PROBLEM TO WORK ON → The reply to the records below should contain exactly the lines from the line with "- Die Motivation" through the line with "辅导员在学生宿舍排查安全隐患", and nothing besides.

WORKING DATA →
..............................

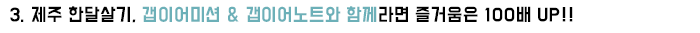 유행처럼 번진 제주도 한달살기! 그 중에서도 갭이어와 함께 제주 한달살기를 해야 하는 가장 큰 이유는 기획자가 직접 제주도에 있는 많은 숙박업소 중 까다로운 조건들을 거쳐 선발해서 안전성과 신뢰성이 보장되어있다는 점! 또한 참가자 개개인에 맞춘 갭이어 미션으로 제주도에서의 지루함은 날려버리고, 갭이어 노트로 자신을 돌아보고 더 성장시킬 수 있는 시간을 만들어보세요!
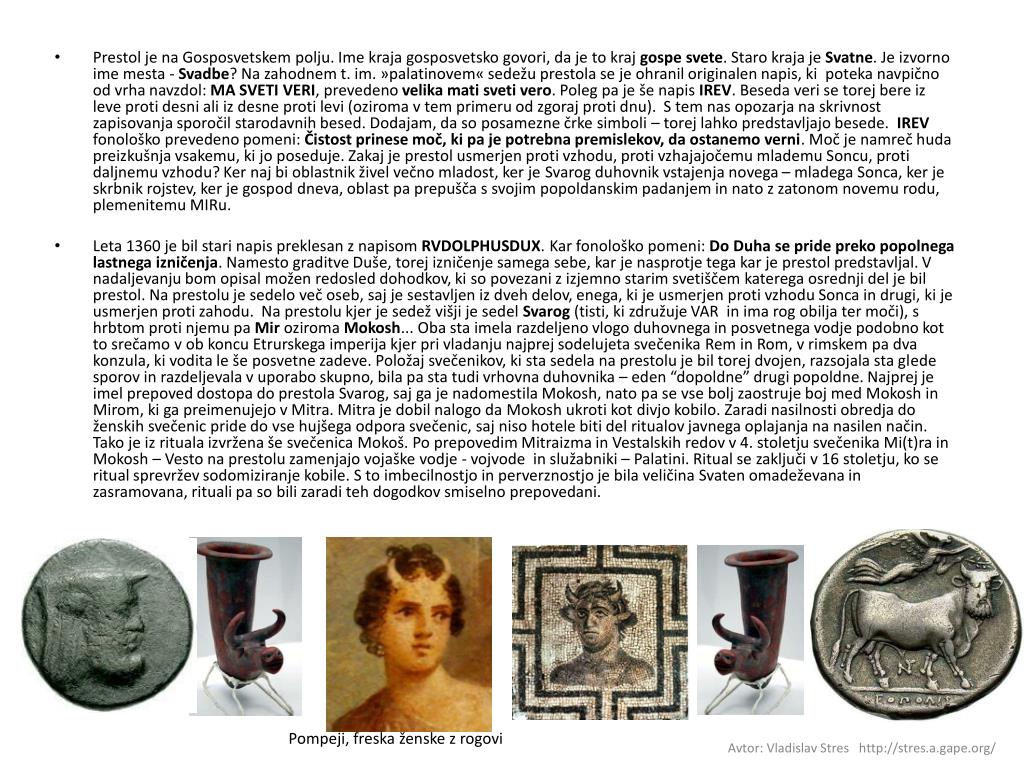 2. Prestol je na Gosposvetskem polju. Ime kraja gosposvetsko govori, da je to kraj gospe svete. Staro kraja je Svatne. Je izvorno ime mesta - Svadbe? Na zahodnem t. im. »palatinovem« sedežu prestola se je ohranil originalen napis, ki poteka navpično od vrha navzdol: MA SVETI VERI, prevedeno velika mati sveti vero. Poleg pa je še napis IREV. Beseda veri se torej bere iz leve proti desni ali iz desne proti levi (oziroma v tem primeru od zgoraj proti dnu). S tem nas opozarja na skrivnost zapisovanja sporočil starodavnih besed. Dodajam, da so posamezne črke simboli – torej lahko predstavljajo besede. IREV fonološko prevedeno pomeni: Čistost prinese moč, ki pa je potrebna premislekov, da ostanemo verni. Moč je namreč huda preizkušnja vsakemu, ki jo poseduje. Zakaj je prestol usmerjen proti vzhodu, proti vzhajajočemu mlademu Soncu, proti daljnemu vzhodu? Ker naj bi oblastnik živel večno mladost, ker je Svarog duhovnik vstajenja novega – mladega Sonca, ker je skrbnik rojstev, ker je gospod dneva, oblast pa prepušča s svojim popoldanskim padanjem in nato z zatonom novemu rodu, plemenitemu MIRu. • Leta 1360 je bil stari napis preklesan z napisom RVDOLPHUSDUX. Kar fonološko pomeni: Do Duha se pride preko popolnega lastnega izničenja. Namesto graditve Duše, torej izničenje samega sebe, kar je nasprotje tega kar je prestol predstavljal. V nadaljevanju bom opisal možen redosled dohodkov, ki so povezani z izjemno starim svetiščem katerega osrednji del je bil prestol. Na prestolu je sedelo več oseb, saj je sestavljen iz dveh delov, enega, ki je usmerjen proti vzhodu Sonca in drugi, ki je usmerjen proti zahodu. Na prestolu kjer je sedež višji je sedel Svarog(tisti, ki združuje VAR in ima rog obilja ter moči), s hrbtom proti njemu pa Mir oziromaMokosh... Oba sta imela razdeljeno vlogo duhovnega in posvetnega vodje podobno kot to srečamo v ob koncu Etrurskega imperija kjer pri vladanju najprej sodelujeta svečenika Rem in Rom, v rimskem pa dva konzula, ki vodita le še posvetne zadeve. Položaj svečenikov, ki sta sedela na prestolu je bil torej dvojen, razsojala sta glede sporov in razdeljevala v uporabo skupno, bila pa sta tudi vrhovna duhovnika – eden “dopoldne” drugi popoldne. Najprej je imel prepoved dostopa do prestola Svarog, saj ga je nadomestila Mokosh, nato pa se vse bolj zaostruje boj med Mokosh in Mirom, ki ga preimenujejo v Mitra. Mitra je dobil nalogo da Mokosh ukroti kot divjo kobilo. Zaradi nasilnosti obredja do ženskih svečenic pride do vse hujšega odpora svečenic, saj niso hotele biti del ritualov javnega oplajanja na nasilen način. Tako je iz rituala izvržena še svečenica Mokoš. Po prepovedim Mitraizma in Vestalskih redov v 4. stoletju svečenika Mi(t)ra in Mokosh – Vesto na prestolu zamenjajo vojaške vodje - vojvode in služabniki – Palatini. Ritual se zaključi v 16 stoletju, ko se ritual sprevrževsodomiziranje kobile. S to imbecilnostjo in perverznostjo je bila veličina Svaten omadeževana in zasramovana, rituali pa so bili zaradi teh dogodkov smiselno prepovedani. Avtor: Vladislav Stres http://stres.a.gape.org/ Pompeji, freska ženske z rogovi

..............................

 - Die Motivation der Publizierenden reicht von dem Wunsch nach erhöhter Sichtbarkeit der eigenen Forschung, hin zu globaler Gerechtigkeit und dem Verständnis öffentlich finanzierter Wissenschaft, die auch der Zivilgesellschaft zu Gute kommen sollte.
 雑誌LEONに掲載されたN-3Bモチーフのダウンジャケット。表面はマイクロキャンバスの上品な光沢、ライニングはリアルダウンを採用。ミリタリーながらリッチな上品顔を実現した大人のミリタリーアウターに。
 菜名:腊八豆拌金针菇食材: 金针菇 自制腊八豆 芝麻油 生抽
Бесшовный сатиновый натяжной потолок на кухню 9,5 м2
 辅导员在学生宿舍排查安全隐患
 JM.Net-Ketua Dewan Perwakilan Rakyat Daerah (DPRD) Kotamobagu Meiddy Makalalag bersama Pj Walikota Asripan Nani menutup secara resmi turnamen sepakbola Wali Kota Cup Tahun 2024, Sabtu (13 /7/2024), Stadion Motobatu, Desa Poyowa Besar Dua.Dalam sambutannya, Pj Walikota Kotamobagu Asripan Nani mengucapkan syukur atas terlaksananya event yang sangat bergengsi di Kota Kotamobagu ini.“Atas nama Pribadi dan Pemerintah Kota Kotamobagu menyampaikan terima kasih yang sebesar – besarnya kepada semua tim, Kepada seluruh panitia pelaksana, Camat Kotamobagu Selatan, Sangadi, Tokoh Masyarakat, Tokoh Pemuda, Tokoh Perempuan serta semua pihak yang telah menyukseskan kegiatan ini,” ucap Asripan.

..............................

RESPONSE TO THIS EXERCISE →
 - Die Motivation der Publizierenden reicht von dem Wunsch nach erhöhter Sichtbarkeit der eigenen Forschung, hin zu globaler Gerechtigkeit und dem Verständnis öffentlich finanzierter Wissenschaft, die auch der Zivilgesellschaft zu Gute kommen sollte.
 雑誌LEONに掲載されたN-3Bモチーフのダウンジャケット。表面はマイクロキャンバスの上品な光沢、ライニングはリアルダウンを採用。ミリタリーながらリッチな上品顔を実現した大人のミリタリーアウターに。
 菜名:腊八豆拌金针菇食材: 金针菇 自制腊八豆 芝麻油 生抽
Бесшовный сатиновый натяжной потолок на кухню 9,5 м2
 辅导员在学生宿舍排查安全隐患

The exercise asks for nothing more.